### What you will do:
Lines from the beginning of the material below through the line that has "Lounch space station" are to be reproduced exactly, but pictures are not.

### Information shown:
————————
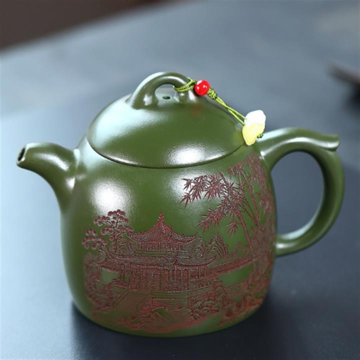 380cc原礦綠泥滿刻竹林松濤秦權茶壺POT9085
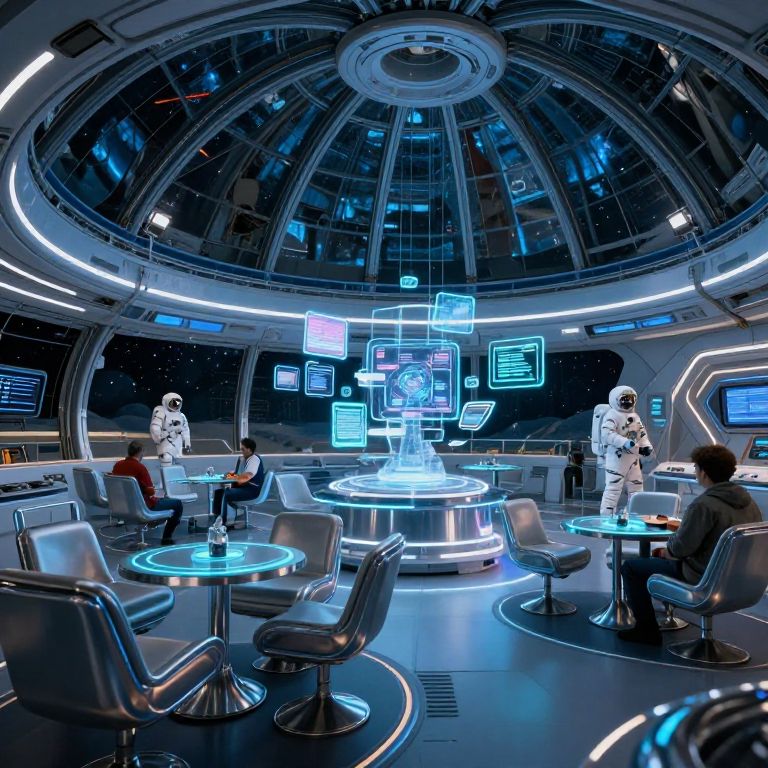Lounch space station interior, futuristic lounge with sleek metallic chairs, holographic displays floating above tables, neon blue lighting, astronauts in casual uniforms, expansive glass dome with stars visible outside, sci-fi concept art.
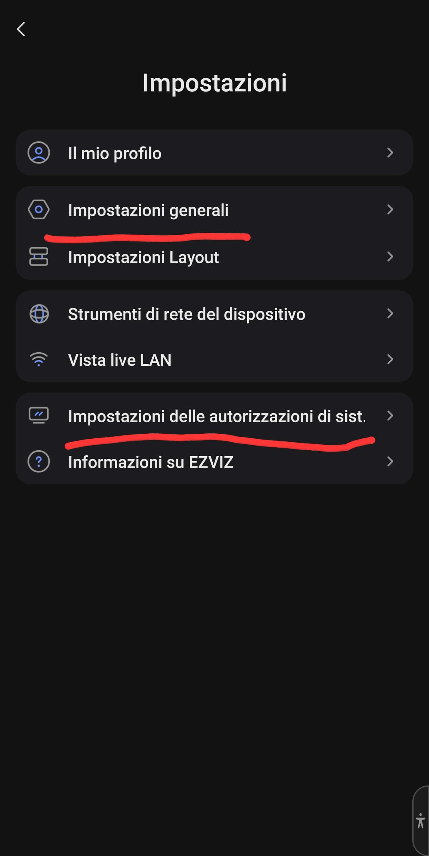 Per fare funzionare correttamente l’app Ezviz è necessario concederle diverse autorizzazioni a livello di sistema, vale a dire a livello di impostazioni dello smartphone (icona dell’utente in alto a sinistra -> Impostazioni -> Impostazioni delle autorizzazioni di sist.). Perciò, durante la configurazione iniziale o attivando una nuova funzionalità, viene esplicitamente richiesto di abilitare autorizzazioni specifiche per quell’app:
————————
### Result:
 380cc原礦綠泥滿刻竹林松濤秦權茶壺POT9085
Lounch space station interior, futuristic lounge with sleek metallic chairs, holographic displays floating above tables, neon blue lighting, astronauts in casual uniforms, expansive glass dome with stars visible outside, sci-fi concept art.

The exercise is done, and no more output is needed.